What is the Service Application Manual?


----------



## mechanicalDvr (Jun 25, 2009)

jb8103 said:


> They have a student membership for half dues. Is it worth it? What does this mean:
> 
> What is the Service Application Manual?


The best written info on service and installation of HVACR equipment you will find. It is updated constantly.


----------



## supertek65 (Oct 1, 2009)

i agree!



mechanicalDvr said:


> The best written info on service and installation of HVACR equipment you will find. It is updated constantly.


----------



## nicktech (Jun 22, 2009)

since '94!


----------



## supertek65 (Oct 1, 2009)

wow
thats good i have only been a member since 2000!:no:


nicktech said:


> since '94!


----------



## jb8103 (Sep 24, 2009)

What about a manufacturer's database? You know, like all the service manuals from Rheem and Trane and etcetera?


----------



## jb8103 (Sep 24, 2009)

I guess not. But is such a database available anywhere?


----------



## hvaclover (May 15, 2009)

Past president of Chap 150 and 33 year member.

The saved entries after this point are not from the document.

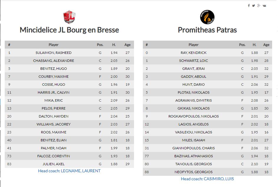 Για αρχή ας δούμε τα ρόστερ των δύο αντιπάλων. Το τζάμπολ έχει προγραμματιστεί για τις 21:00 (NS PRIME) στην EKINOX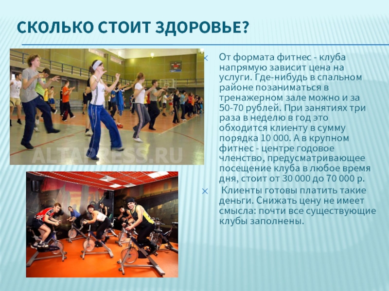 услуги. Где-нибудь в спальном районе позаниматься в тренажерном зале можно и за 50-70 рублей. При занятиях три раза в неделю в год это обходится клиенту в сумму порядка 10 000. А в крупном фитнес - центре годовое членство, предусматривающее посещение клуба в любое время дня, стоит от 30 000 до 70 000 р.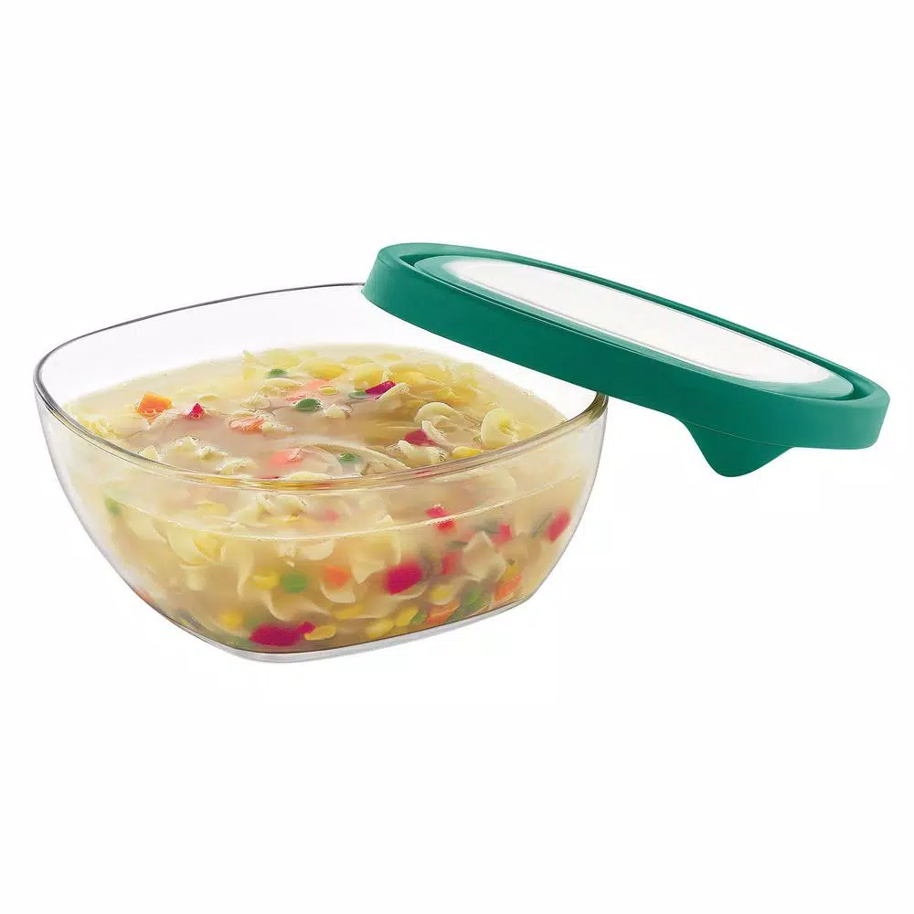 - Includes three, 6.25-cup square glass containers with BPA-free turquoise lids

SAM manuals are also online.

You won't find all the mfg's service manual in any body's data base, at least not legally as it is copy righted material.


----------



## Jeffrey Jay (Sep 22, 2009)

Been looking at that with my ammonia  background. 
How does that compare to ASHRAE though? 
I can't ($) do them all!


----------



## cool_air (Apr 7, 2010)

DuMass said:


> I've been a member for about 11 years now. I feel the annual membership fee is well worth it for the educational and informational aspects.


 I agree !!


----------



## phbsales (Feb 9, 2010)

I haven't looked into RSES or NATE. However, I am UA STAR certified. (Yeah, I'm a union man.) 

Flame on.


----------



## hvaclover (May 15, 2009)

phbsales said:


> I haven't looked into RSES or NATE. However, I am UA STAR certified. (Yeah, I'm a union man.)
> 
> *Flame on*.


 lol...


----------